Bu Konudaki Kullanıcılar:
2 Misafir - 2 Masaüstü
5 sn
11
Cevap
1
Favori
780
Tıklama
Daha Fazla
İstatistik
  • Konu İstatistikleri Yükleniyor
0 oy
Öne Çıkar
Sayfa: 1
Giriş
Mesaj
  • Paralel verenlere inanıyor musunuz?
    Paralel verenler arası geçiş mümkün mü?

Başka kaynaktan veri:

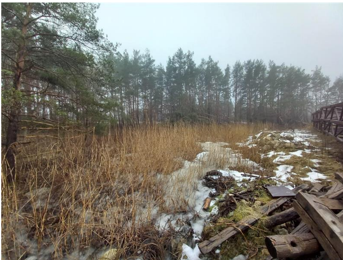
Joonis 3. Liigniiske ala mida paremalt on täidetud ning kuhu kõrvale plaanis rajada kraav.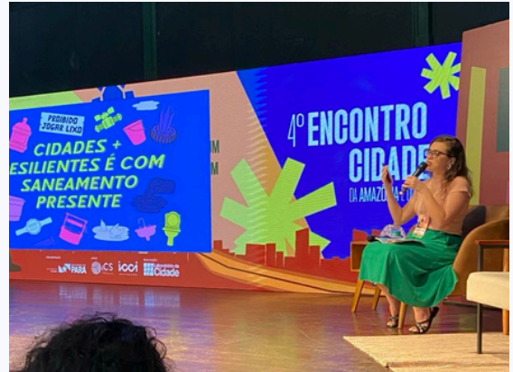
Apresentação da Pesquisa Água, Saneamento e Clima durante o 4º Encontro Cidades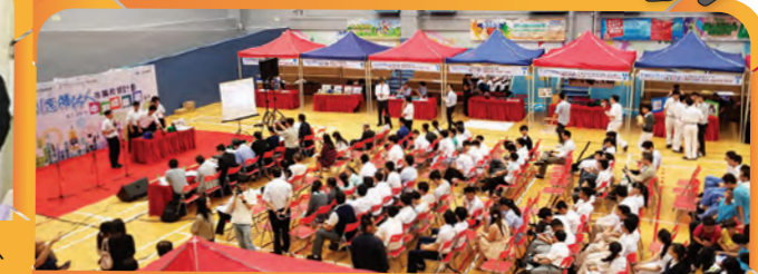
「校園創意機械人」活動花絮

大埔區中學校長會自1997年成立，致力關心香港、國內及國外教育發展及趨勢、提昇教育同工專業發展及培育青少年成長。多年來與區內中學、政府部門及各工商社福界別攜手協作，開展多項創新及具前瞻性的計劃。當中包括：大埔區中六聯合招生計劃(1999-2010)、中文科單元教學先導計劃(2002)、大埔區校園驗毒試行計劃(2009-2011)、健康校園測檢計劃(2011-)、校際龍舟邀請賽禁毒盃(2011-)、藝術表演培訓計劃(2013-)、大埔青年藝術節(2015-)、校園創意機械人推廣教育計劃(2016-2019)及創科@大埔(2019)等項目。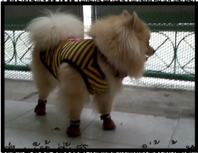
อ้อคือขี้ไก่ของสี อ้อ แต่พวกเค้าหลอกผมกันหมดเลย ทั้งผมอยู่บ้านคนเดียว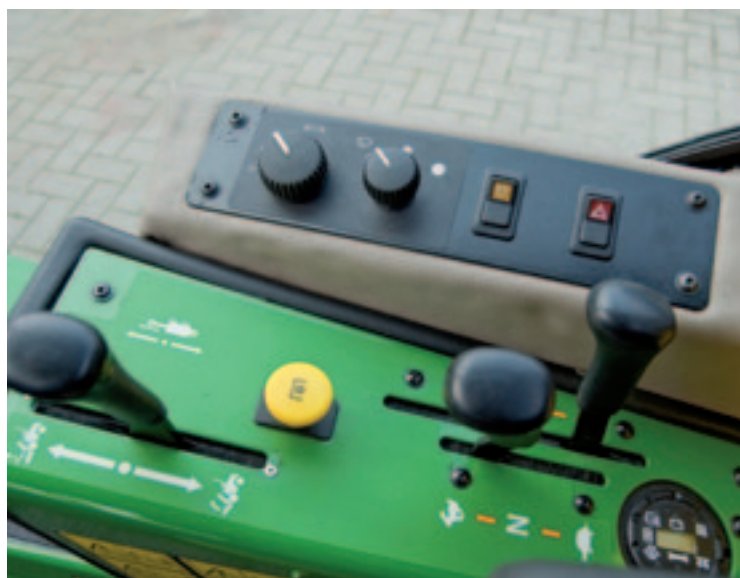
Alles wat je nodig hebt om te kunnen maaien, alsook bediening voor verlichting en ruitenwisser, zit binnen handbereik. De 1585 kenmerkt zich ook door de mechanische Hi-Low.

dat maakt de ruiten goedkoper. De losse voorruit van deze cabine kost iets meer dan 500 euro. Voorheen moesten John Deere-dealers de cabine apart bestellen bij de Oostenrijkse cabinefabrikant Walter Mauser. Opbouwen was vervolgens een intensieve klus.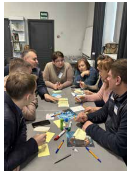
Тренеры по качеству поделились своим опытом и наметили планы сообщества

Речь зашла и о необходимости создать стандартизированную площадку для работы с группой тренера по качеству со всеми нужными техническими возможностями. Ещё обсудили материальную и нематериальную мотивацию тренеров. Кроме того, собравшиеся поговорили о дальнейшем развитии сообщества, упомянув посещение заводов для обмена опытом друг с другом, а также создание единой базы необходимых материалов для тренеров.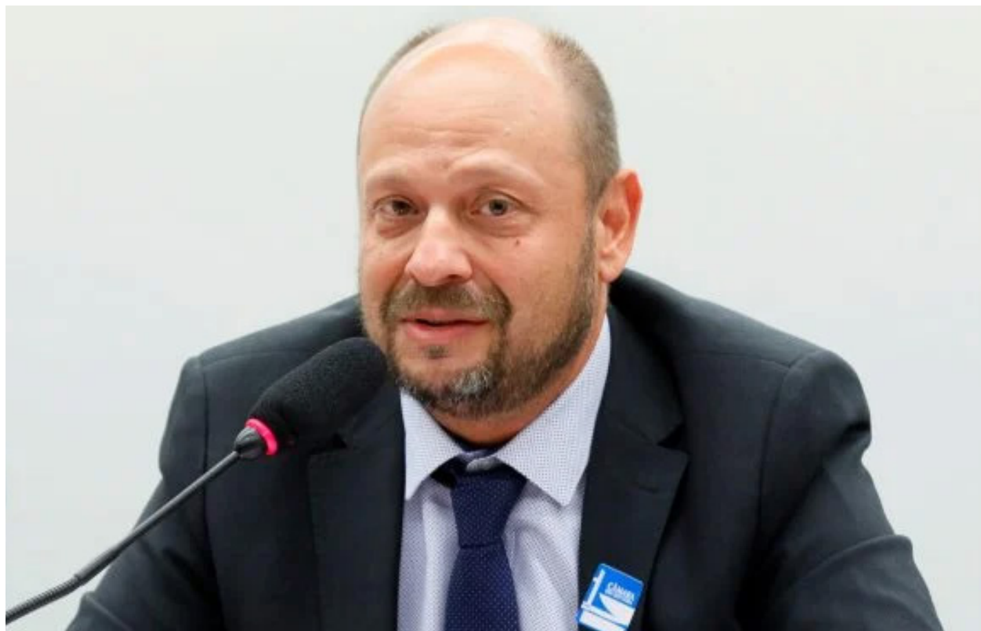
Imagem mostra Presidente do INSS Gilberto Woller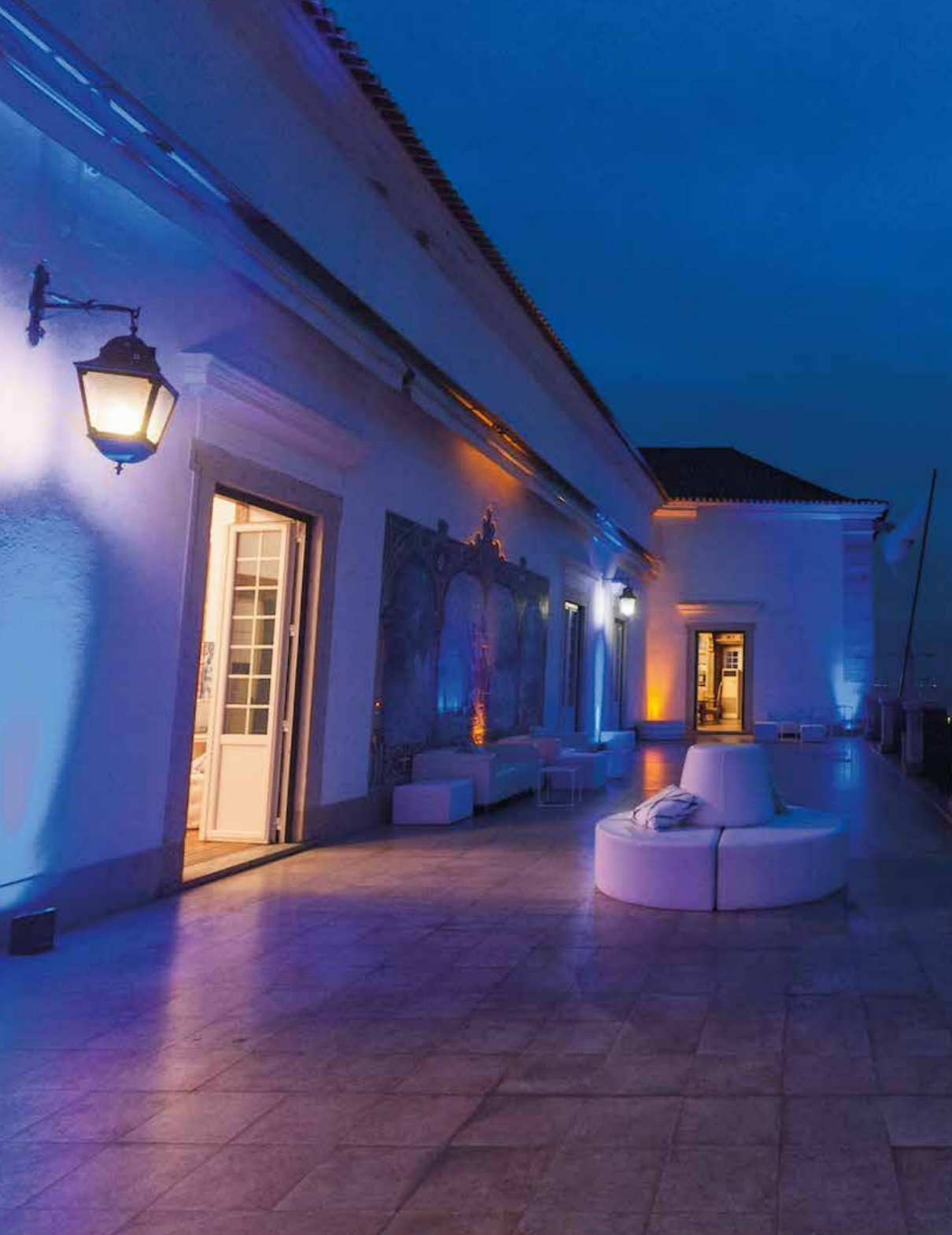
Terraço | Balcony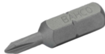
Standaard bit 1/4" voor Phillips PH3 schroeven 25 mm - 10-delig in kunststof doos 59S/PH3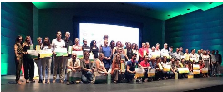
Los docentes premiados posan junto a la consejera de Educación y otras autoridades asistentes.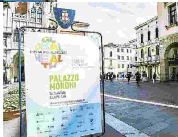
Tutti i luoghi del Festival sono contrassegnati con le locandine

Tra i temi di oggi le città sane, la medicina di genere, farmaci, ricerca e brevetti, epilessia, Aids e Tbc, immigrazione, la salute dei bambini, le sfide per la salute nel sud del mondo. Trenta gli incon-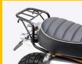
リアキャリア スチール製 φ19.1mm 許容積載量3.5kg 荷台サイズ 前幅250×後幅210×長さ150mm HA6323B ¥13,500(予備)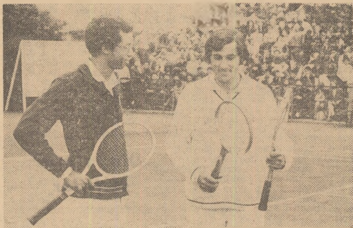
Filă de album: Arthur Ashe înaintea partidei amicale cu Ilie Năstase, la București, în mai 1970.

Iar ultimul cuvînt a aparținut, cum știm prea bine, lui Ilie Năstase, care — cîștigînd în mod strălucit turneul Masters — reface la finis un handicap acumulat pe aproape întreg sezonul și promovează în eșalonul de vîrf. Prezența remarcabilă și prin faptul că este al șaselea an conse-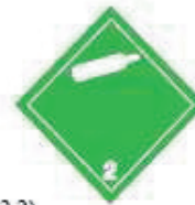
(No.2.2) División 2.2 Gases no inflamables, no tóxicos Símbolo (bombona): negro o blanco; Fondo: verde; cifra "2" en el ángulo inferior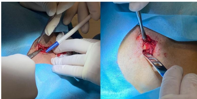
Figura 5: Incisão extra-oral em ângulo de mandíbula (risdon);

A dissecação continuou até que o único tecido remanescente na borda inferior da mandíbula foi o perióstio. Foi utilizada a peça reta com broca esférica número 6 e peça reta 702 para osteotomia do osso na base da mandíbula com irrigação de solução salina estéril a todo momento para não ter necrose óssea (figura 6).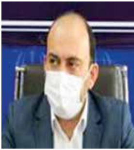
گروه خبر //استاندار هرمزگان پس از تحقق گام نخست شفافیت در استانداری هرمزگان، از انتشار مزایده‌ها، مناقصه‌ها، گردش های

گروه خبر // مدیرکل مدیریت بحران استانداری هرمزگان گفت: خروچی نقشه‌ها و مدل های هوشناسی برای روزهای آینده بیانگر ناپایداری وضعیت جوی و دریایی است که موجب اختلال در ترده های دریایی و احتمال آسیب به شناورهای سبک و تورهای صیادی می شود.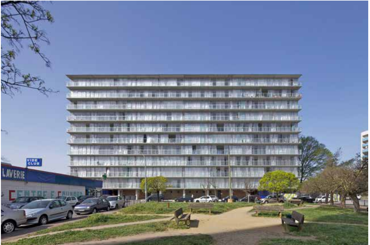
Rehabilitación de edificio de viviendas en Burdeos (Lacaton & Vassal, 2016). Estrategia de rehabilitación. Rehabilitation of a housing building in Bordeaux (Lacaton & Vassal, 2016). Strategy of rehabilitation.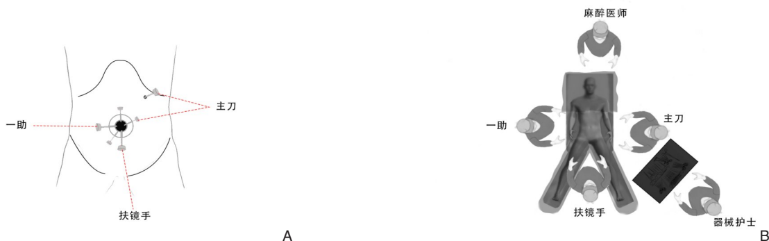
图2 术中Trocar布局与医护人员站位 A: 单孔+1布局; B: 外科医生、麻醉医生、器械护士站位

胆总管。经脐区纵切4 cm。然后, 将1个多通道单孔Trocar (北京航天卡迪科技研究院, 中国, 北京) 放进切口, 以2个5 mm通道和2个12 mm通道作为操作孔。为了提供更好的工作空间, 在左锁骨中线肋弓下3 cm处增设12 mm Trocar。单孔Trocar左侧12 mm通道和附加左肋缘下12 mm Trocar由主刀医生操作, 下方12 mm通道供扶镜手插入腹腔镜, 右侧12 mm通道由一助使用(图2)。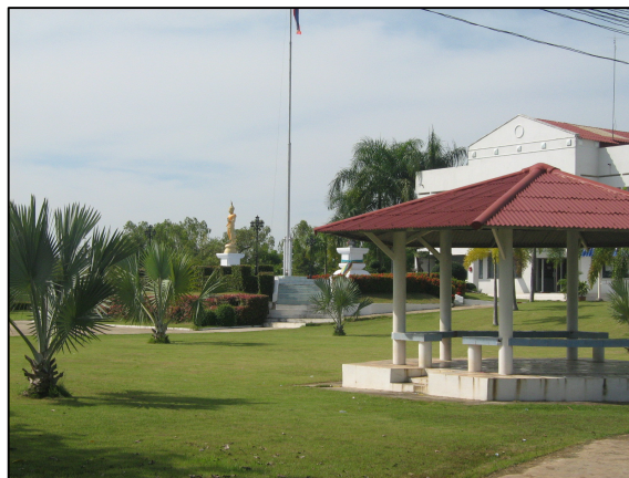
ภูมิทัศน์ทุกมุมของวิทยาลัยฯ ที่เลดูสวยงาม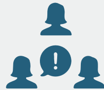
조직 내 역할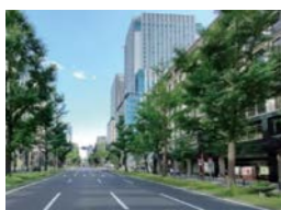
図-7 淀屋橋～本町イメージ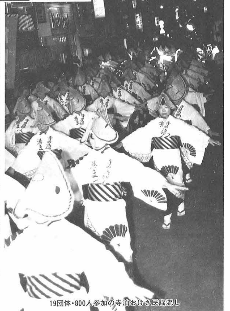
19団体・800人参加の寺泊おけさ民謡流し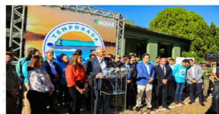
Ronaldo Caiado no lançamento da temporada do Araguaia de 2023: "nossa preocupação é reagitar aquilo que é mais emblemático, que é a beleza, o entardecer e as praias do Araguaia".

Governo de Goiás destina R$ 14 milhões em estrutura para qualificar atendimento ao turismo na região

    Ben inanıyorum. Bence paralel evrende yine bizler varız ve farklı hayatı yaşıyoruz. Paralel evrendeki biz ya ruh ya da beden ikizimiz.ordaki yaşadigimiz hayat belki yaşamak belkide yaşamamak istediğimi z bir hayat. Başka bir yönden bakarsak pa. Evrenler arasında hayattan farklı olarak zaman farkı olabilir. Örneğin 3 paralel evrende;
    1. Geçmiş
    2. Şimdi
    3. Gelecek
    Olamaz mı?
    Bu yolla geçiş mümkün se zamanda yolculuk neden olmasın,.

    < Bu ileti mobil sürüm kullanılarak atıldı >



  • paralel evrenlere geçiş mümkün solucan deliklerini araştır öğrenirsin
  • çoklu evrenlerle ilgili yeni bir teori var ona benziyor

    Perimeter Ortaklığı Fakültesi’nden Matthew Johnson ve diğer bilim insanları çoklu evren teoreminin hipotezini bilimsel açıdan test edilebilir bir dünyaya taşımaya çalışıyor. Büyük patlamadan önce her şey sadece vakumdu. Vakum karanlık enerji adı verilen bir genişleme alanıyla (Higgs alanı) kaplandı. Sanki bir demlikteki suyun buharlaşırken kabarcıklar çıkarması gibi balonlara ayrıldı. Her balon bir diğer enerjisi az olan vakumu içerdi ve halen hiçlikte değildi. Bu enerji nedeniyle balonlar genişlemeye başladı. Sonunda kaçınılmaz olarak bazı balonlar birbirlerine çarpmaya başladı. Buarada ikinci bir balonun üretilme ihtimali var. Bu balonlar birbirinden ayrı ve seyrekte olabilir ya da aynı bir köpükteki gibi birbirine yakında olabilir. İşte bu balonları her birinin bir evren olduğunu düşünün. Bu resmi canlandırdığınızda sanki köpüklü bir evrenler denizi ortaya çıkıyor. İşte bizim evrenimizin bu evrenlerden sadece biri. Çoklu evren hipotezinde ceviz kabuğundaki kabarcıklar gibi …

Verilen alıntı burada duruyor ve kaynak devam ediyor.